Western blotting for the detection of immunogenic antigens, using serum from experimentally immunised animals.
Introduction
Sodium dodecyl sulphate polyacrylamide gel electrophoresis (SDS PAGE) and Western blotting are both widely used techniques in parasitology. SDS PAGE is used to separate mixtures of proteins into individual protein bands by dissolving them in SDS (which is a mild detergent) and reducing with 2-mercaptoethanol. The protein solution is then loaded onto an acrylamide gel.

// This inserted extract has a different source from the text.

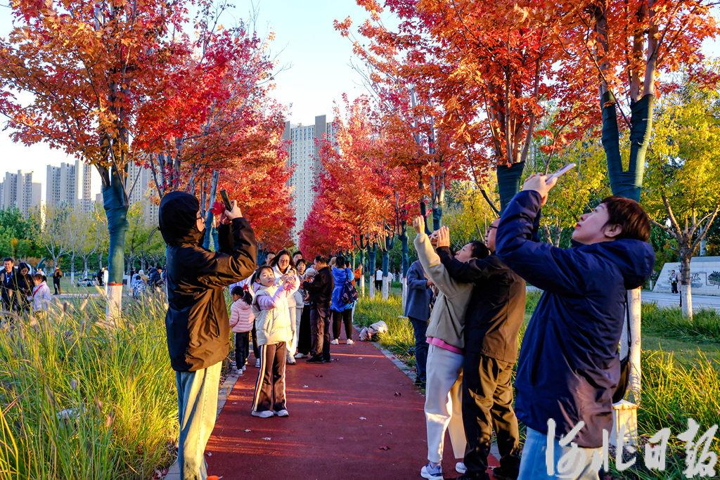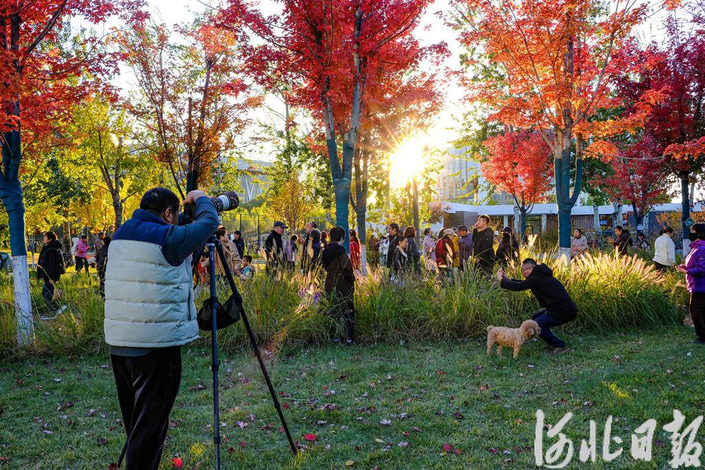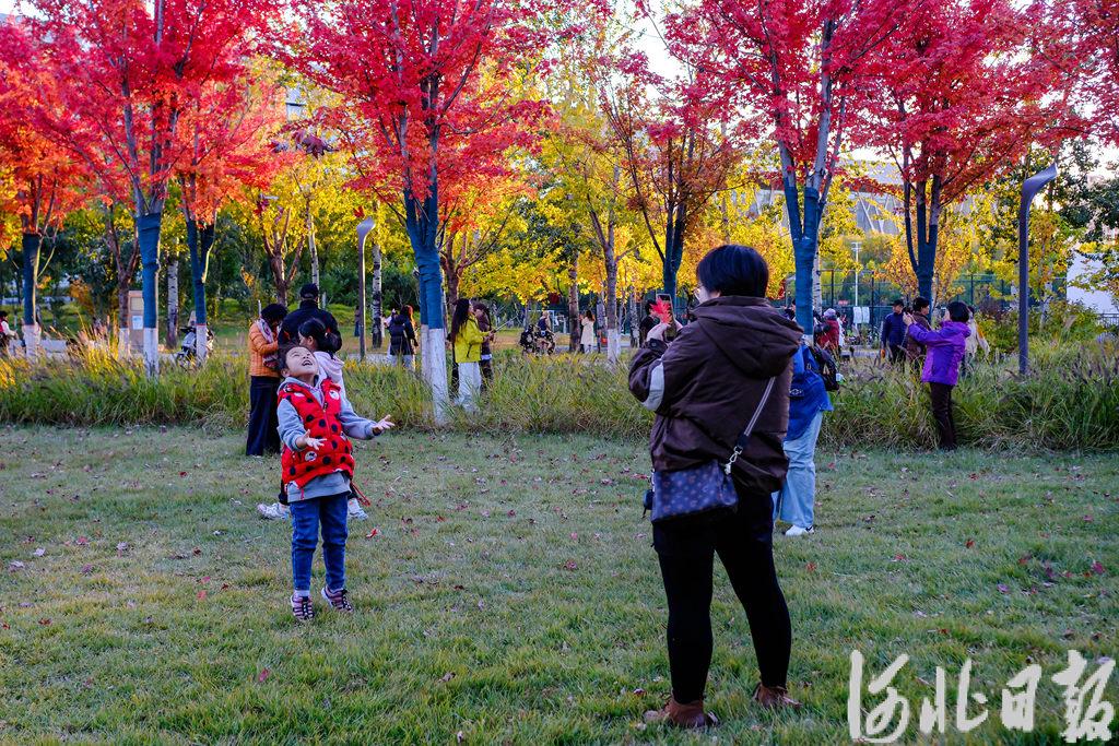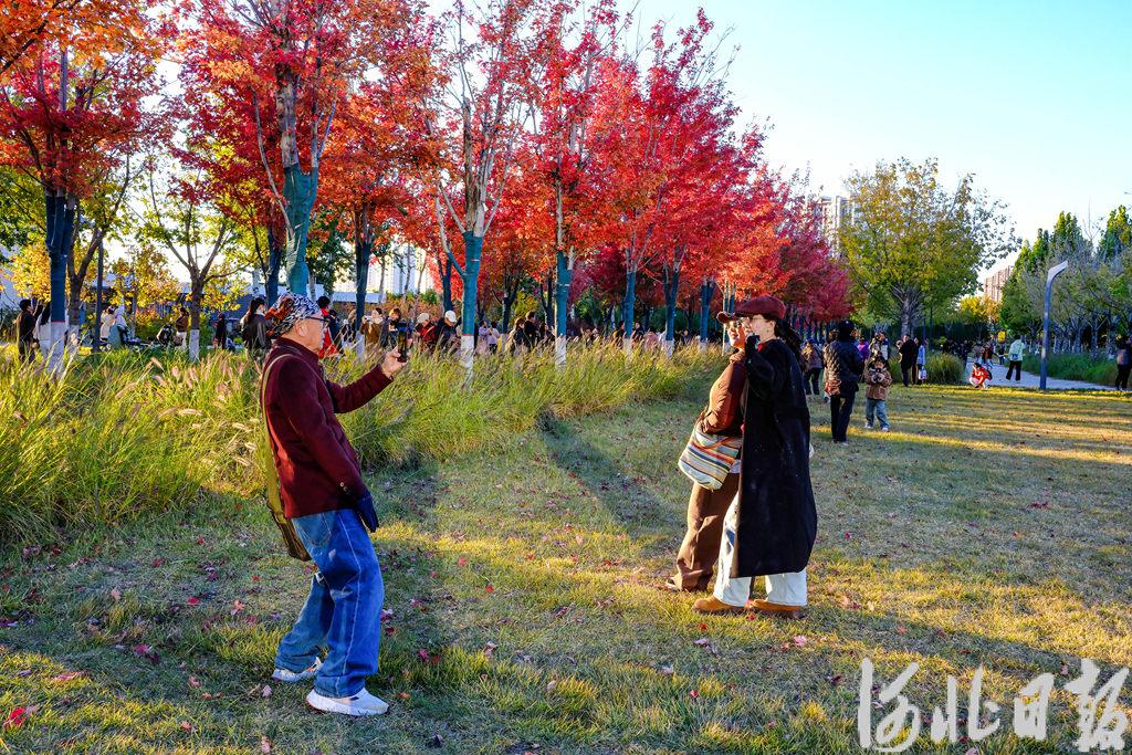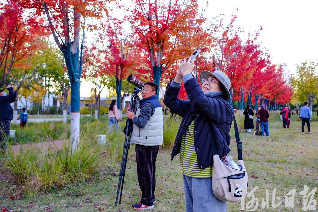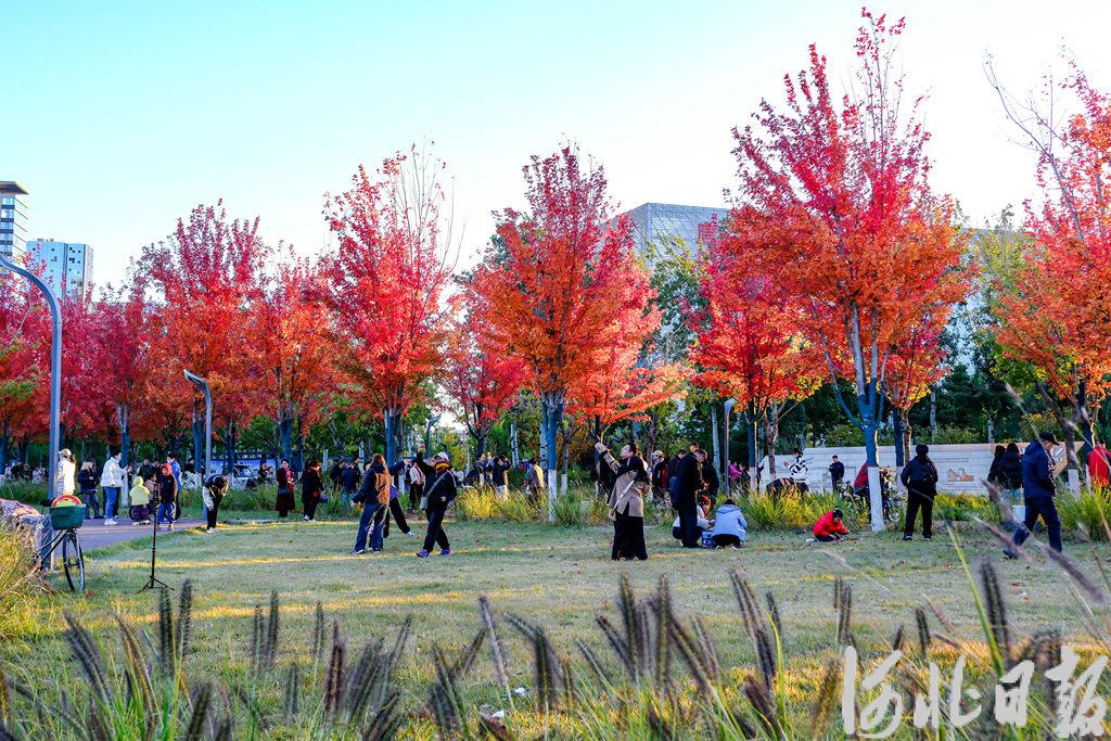 金秋十月,唐山市路北区人民公园的红叶进入最佳观赏期,吸引了众多市民前来拍照打卡。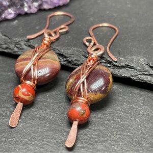 Artisan Copper and Earthy Agate and Jasper Stone Earrings

When an electric field is applied to the gel, the proteins are separated according to their molecular mass, smaller peptides moving further down the gel. These protein bands can then be stained to visualise their position and therefore their molecular weight can be determined. In this exercise, however, we will not be staining the protein bands but transferring them to nitrocellulose paper where they will be immobilised. These antigens can then be probed by antibodies in order to determine the immunogenic components of the protein.
For the purposes of this practical an anti-serum to the homogenate of Heligosomoides polygyrus has been prepared (see Exercise 4.6). H. polygyrus is a trichostrongyloid parasite that was first introduced as an experimental infection in laboratory mice over 50 years ago, and has since been used extensively as an animal parasite model system. Primary infections are maintained for up to 10 months.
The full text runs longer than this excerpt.